Getting your sales staff up to speed on all the tools and applications they need to be successful can seem like a daunting task. Especially when you consider how often that list changes. You've got your CRMs, content management, prospecting tools, email automations, onboarding platforms, and analytics, we could go on for days. The point is, it's a lot of knowledge to manage and share and it usually exists in about 17 different locations.
iorad's Libraries let you build a self-serve training resource that your entire organization can access on demand. Organize interactive tutorials by topic, team, tool, or role and give learners one place to find exactly what they need without filing a help ticket or waiting for a session. Each tutorial in the library is clickable, self-paced, and automatically updated when the underlying process changes. Teams using iorad Libraries report a significant reduction in repetitive support requests because learners find the answer themselves before reaching out. See how to build and share a training library below.
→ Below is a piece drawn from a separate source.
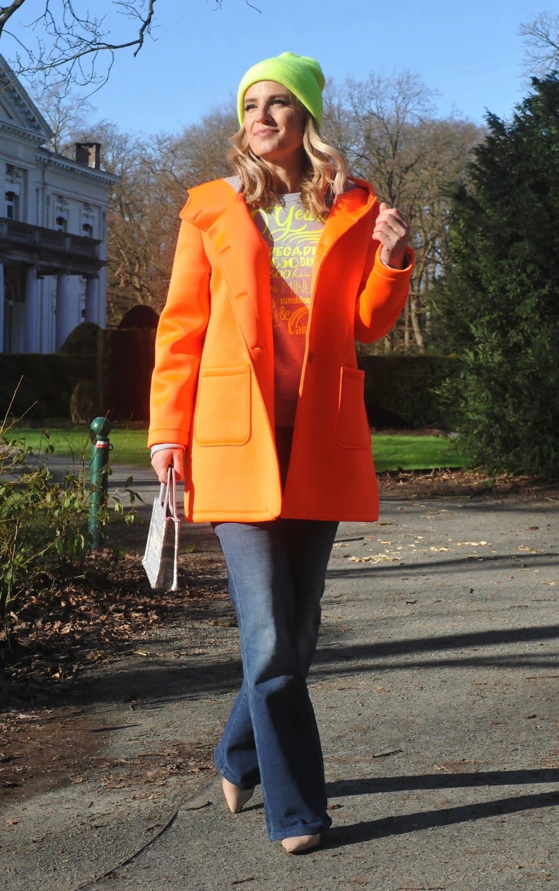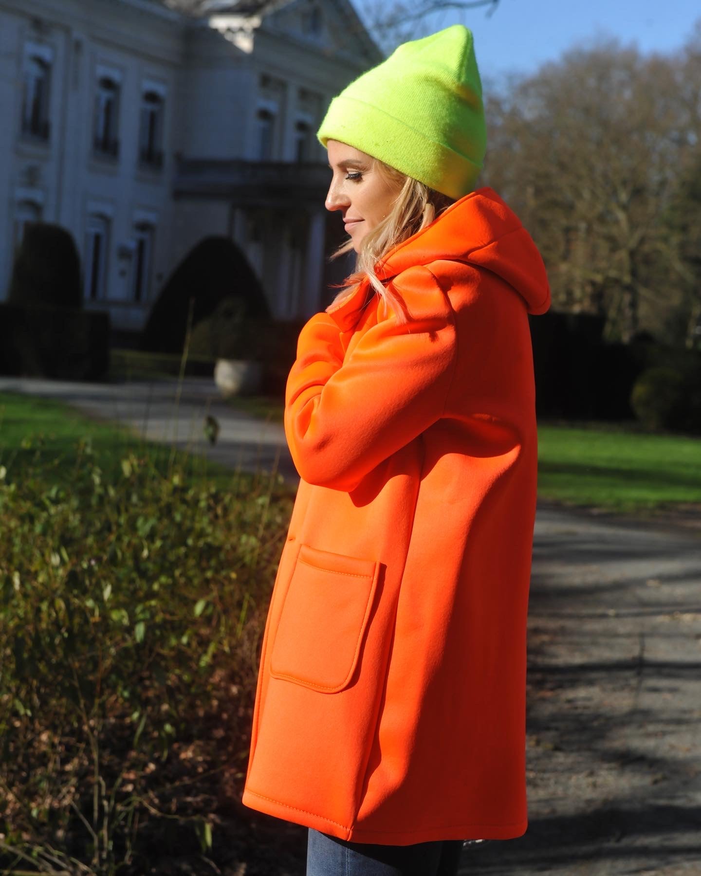 Our Neo hooded coat has a classic silhouette with big pockets, in a modern neoprene fabric.The bright color will pair beautifully with your favourite looks from the collection.

With iorad, you can consolidate all of your training resources into one easy-to-use interactive Library. You can curate it however you want, including the exact training your team needs in one spot. No more searching, no more managing a million different links, no more old outdated docs. Just one Library that you share with a simple link, or embed directly into your own website. Check out the example below to learn how you can build your own sales training library.
How to Organize Your iorad Training Library
A training library is only useful if people can find what they're looking for. iorad Libraries support a few proven organizational structures depending on your team's size and the number of tools you're covering.
By tool. One collection per software product. Works well for organizations with a defined tech stack where people know which tool they need help with.
By role. One collection per team or department. Works well when different groups use different subsets of your tools and you don't want everyone wading through tutorials that don't apply to them.
By onboarding stage. One collection per week of onboarding. New hires access each collection in sequence as they work through their ramp plan.
Most teams start with a tool-based structure and add role-based collections later. The key is to keep the library structure simple enough that a new employee can navigate it without a guide.